> [Data]
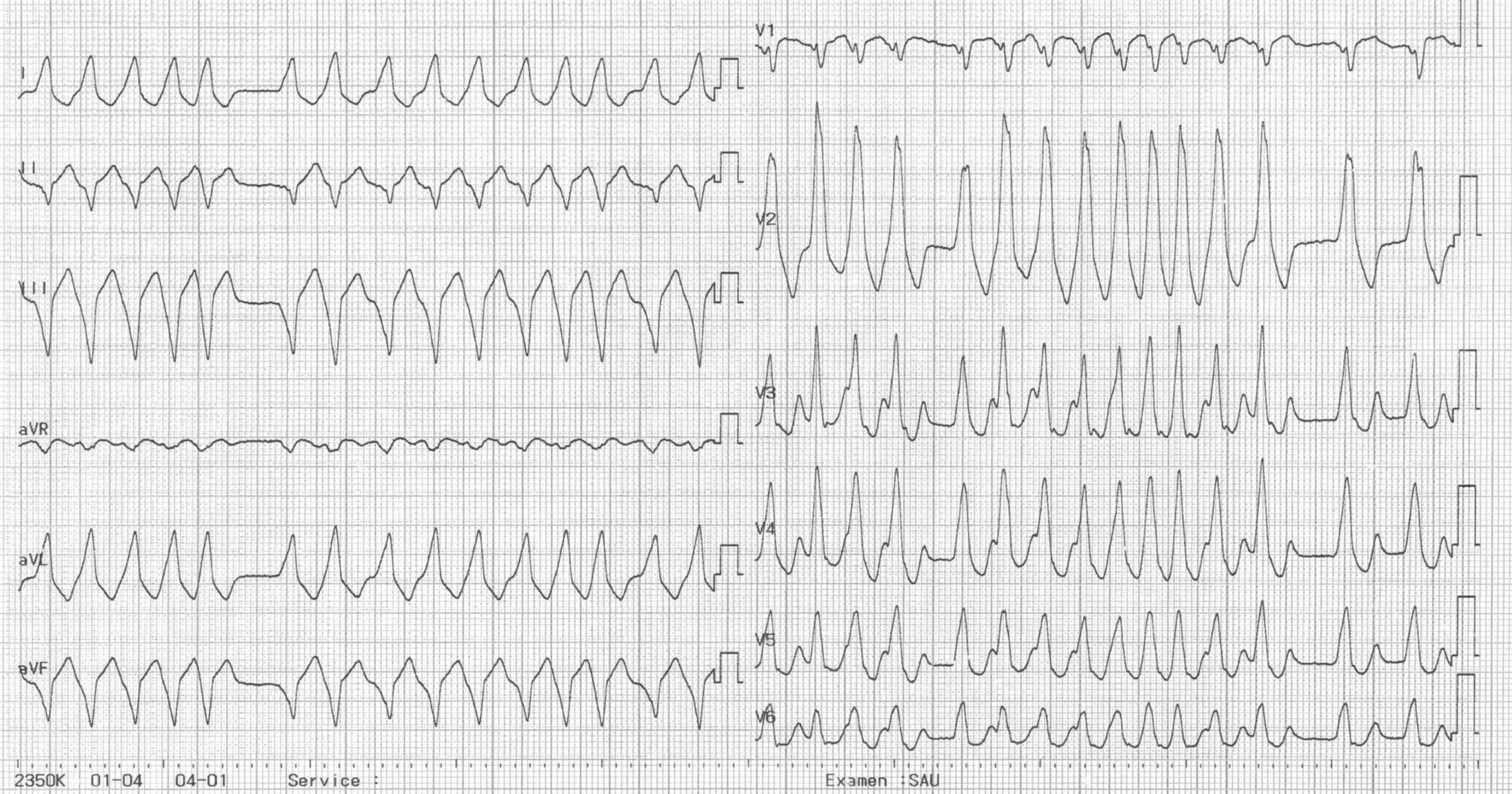 Ce patient a bénéficié d’un choc électrique sous brève sédation; rythme sinusal avec aspect de pré-excitation (PR court, onde delta) latérale gauche;
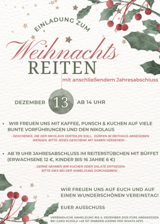 | 13. Dezember | Weihnachtsreiten mit Jahresabschluss |
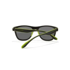 Compra en Decathlon Gafas de sol para Hombres y Mujeres ONE SPORT Dark Montura negra en acabado engomado con ribete verde y lentes oscuras.
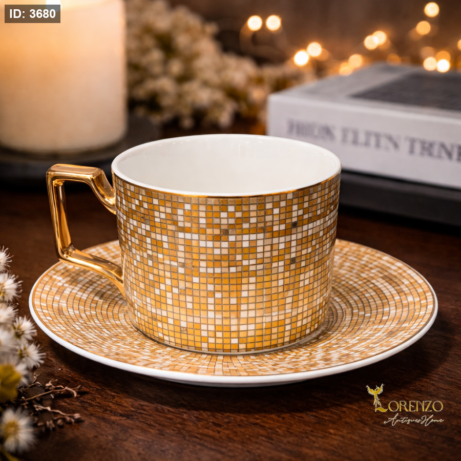 فنجان قهوة مع صحن بتصميم هندسي فاخر مستوحى من الطابع العصري الأنيق، يجمع بين اللونين الذهبي والأبيض بنمط مميز يضفي لمسة فخامة على كل جلسة قهوة.
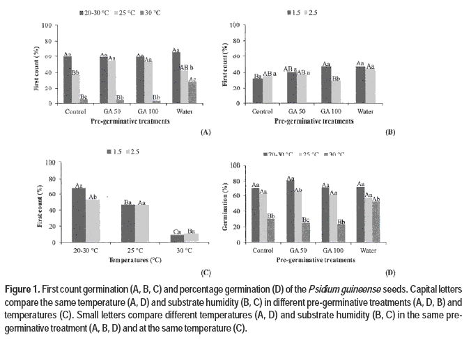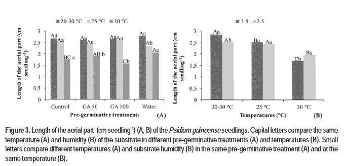 In conclusion, the germination and seedlings growth of Psidium guineense were not affected by pre-germinative treatments. The seeds should be sown at the temperatures of 20-30 or 25 °C, and in moisture substrate of 1.5 or 2.5 times the dried paper mass.
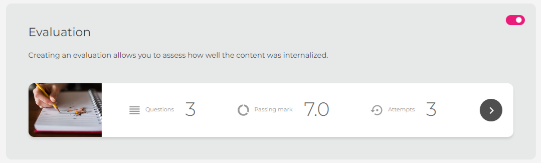 Ao ativar a Avaliação, você verá uma ficha com os dados mais relevantes sobre o seu conteúdo avaliativo. Para editá-la, clique na seta que se encontra à direita dessa ficha.
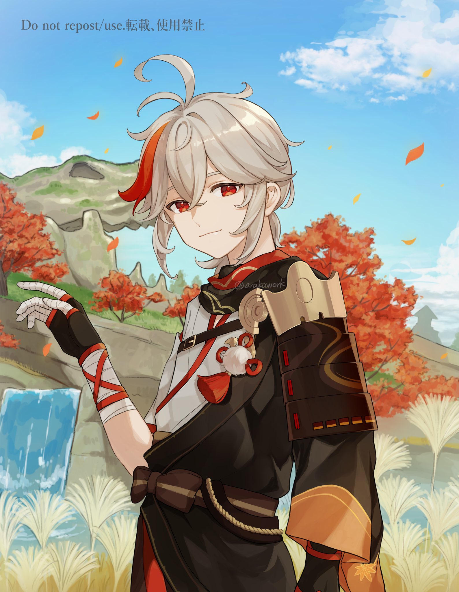 1boy antenna_hair arakawa_cristal arm_at_side armor artist_name asymmetrical_sleeves bandaged_arm bandaged_hand bandages belt belt_buckle black_belt black_gloves black_jacket black_scarf blue_sky bow brown_bow buckle chest_belt closed_mouth cloud commentary crossed_bangs day falling_leaves fingerless_gloves floating_hair genshin_impact gloves grass grey_hair hair_between_eyes hand_up highres jacket japanese_armor japanese_clothes kaedehara_kazuha kimono leaf leaf_print long_sleeves looking_at_viewer low_ponytail male_focus maple_leaf_print medium_hair multicolored_hair outdoors pom_pom_(clothes) ponytail red_eyes red_hair scarf short_sleeves shoulder_armor sidelocks skull sky smile sode solo standing streaked_hair tassel tree twitter_username water waterfall watermark white_kimono
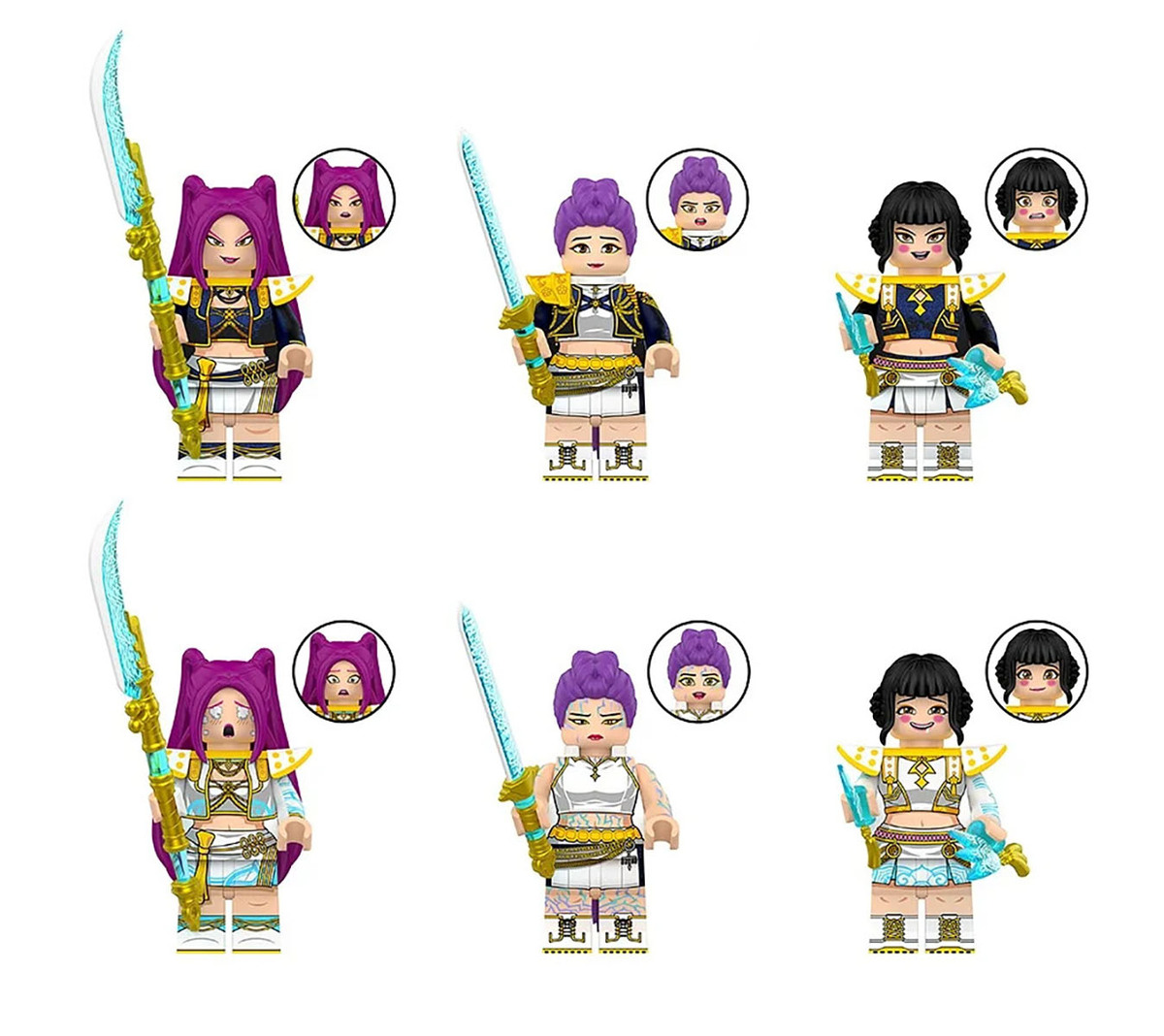 6Pcs KPop Demon Hunters Minifigures Rumi Zoey Mira with Weapon Mini Block Figure

> [Required action] Although pictures appear among the entries, please set down only the lines from the one with "In conclusion, the" up to and including the one with "Ao ativar a", word for word.

> [Your response]
 In conclusion, the germination and seedlings growth of Psidium guineense were not affected by pre-germinative treatments. The seeds should be sown at the temperatures of 20-30 or 25 °C, and in moisture substrate of 1.5 or 2.5 times the dried paper mass.
 Ao ativar a Avaliação, você verá uma ficha com os dados mais relevantes sobre o seu conteúdo avaliativo. Para editá-la, clique na seta que se encontra à direita dessa ficha.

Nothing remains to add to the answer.